Thursday, November 10, 2005

Reading Too Much Into It Part One

Having all six Star Wars films on home video allows me to watch them (or pieces of them) whenever I wish. And as some of my friends can attest, I've been giving them a lot of though lately, not just as the greatest postmodern art film(s) of all time, but examining the world Lucas created as a whole.

My line of questioning began with "what makes the Galactic Empire so bad?"

Which I tossed around (and I'll get into later), but I arrived at a better question:

"What made the Republic so good?" In other words, why the rebellion against the Empire in an attempt to restore the Republic? What did the old system have going for it that was so great?

The simple answer is "well, democracy stupid!" But of course it's far more complex than that. First, let's look at what we know of the Republic itself.

Ruled from the capital city of Coruscant - which covers an entire planet - the Republic spreads across most of the entire galaxy. Each planet sends a Senator to Coruscant to participate in the Galactic Senate - one representative for each planet, regardless of each planet's racial composition or population (see Ep. 1, Ep. 2). It is not clear whether the Senators are elected or appointed, although there certainly appears to be no galaxy-wide standards for either election or selection. Using Naboo from Episode 1 as an example, Senator Palpatine's position as Senator is never clearly explained.

Further, Senators act only as representatives to the Galactic Senate, and wield little power on their own planets. Again using Naboo from Ep. 1 as an example, Queen Padme Amidala is the head of her planet's state - but all is not well on Naboo. The Gungans, another sentient race who share the planet with their human counterparts, have little contact with the world above their oceans. Their relationship with the Queen is icy at best (Ep. 1), and only outcasts like Jar Jar go above the water, even though it's clear that Gungans do not need to be immersed in water to survive. This fraction of sentient species implies two things: that if there are elections for either Senator or Queen, then the Gungans very likely do not participate in them; and there seems to be no great rush on the part of either the Senate or the Queen of Naboo to include the "other half" of the sentient creatures of their world in policymaking decisions.

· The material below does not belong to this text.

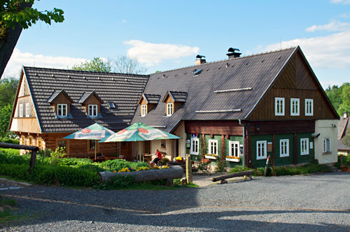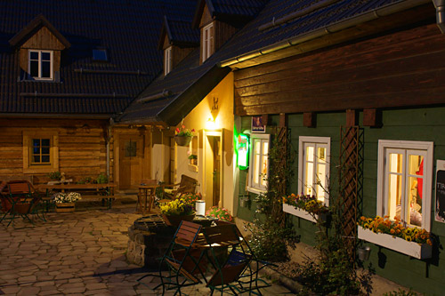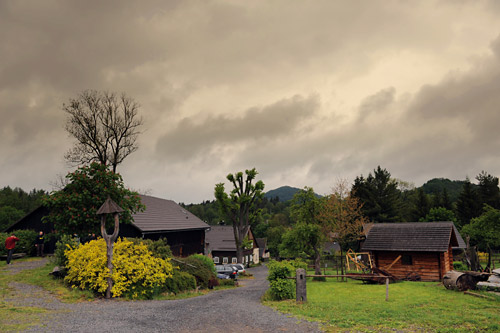Není to HDR. V okolí penzionu nebyly žádné lampy. Světlo bylo pouze z oken a nad vchodem. Bylo to foceno ve 21:30, objektivem 24-70 f2,8, ohnisková vzdálenost 24mm (foťák D90, takže po přepočtu na kinofilm je to 36mm). Manuální režim - f/5, rychlost závěrky 1s, ISO 400. Následně jsem v Aperture ručně vyvážil bílou, zkorigoval přepaly a vyexportoval do JPEG. A jak se tak dívám, Lukáš to ještě trochu zesvětlil. Takže fotografie skoro bez úprav :-)

The Gungans do have a leader of their own, Boss Nass, and appear to be allowed to rule themselves with some degree of autonomy. But as the end of Episode 1 illustrates, the involvement of the humans on the planet in Galactic affairs does affect the Gungan population when the droid army begins slaughtering them as well. It is this knowledge that finally incites Boss Nass to act against the invading Trade Federation in a battle where many of his species die - but at the end of the film, although Amidala proclaims thanks and friendship, there seems to be no move to grant the Gungans the same rights and status as the other humans. Jar Jars inclusion into the Senator's party as a "Gungan representative" in Ep. 2 seems to take some steps to correct this, but it is still unclear what rights the Gungans have, if any, in their Galactic represenation, even at the end of Ep. 3.

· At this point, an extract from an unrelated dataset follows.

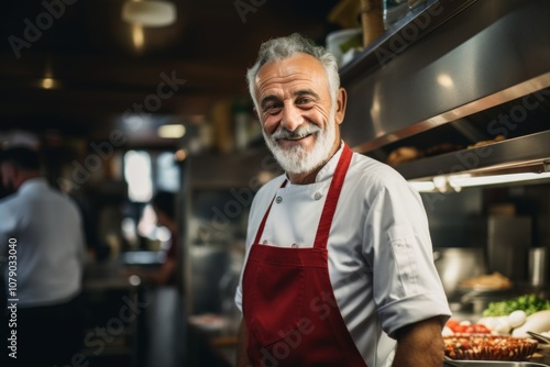Smiling portrait of a senior Italian chef working in kitchen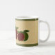 Die Tasse wird durch den feinfühligen Hintergrund, die dünnen, grüne Ränder mit bemalten, dimensionalen Äpfeln, die die Vorderseite überragen, mit Stil verkleidet. Suchen Sie nach anderen Mix- und Match-Produkten, strukturierte Maßkunst und gestalterisches Design durch kaps images

Extrapolating from Naboo, it is reasonable to assume that many other planets across the galaxy have similar racial compositions, and similar situations where some sentient beings do not share the same rights as others. Thus, the first problem with the Republic: it is not a true representative government. By allowing its member planets to disallow certain races or species from policymaking decisions, even when those policymaking decisions would affect those races or species, the Republic is, at best, a form of oligarchy, if not outright racist.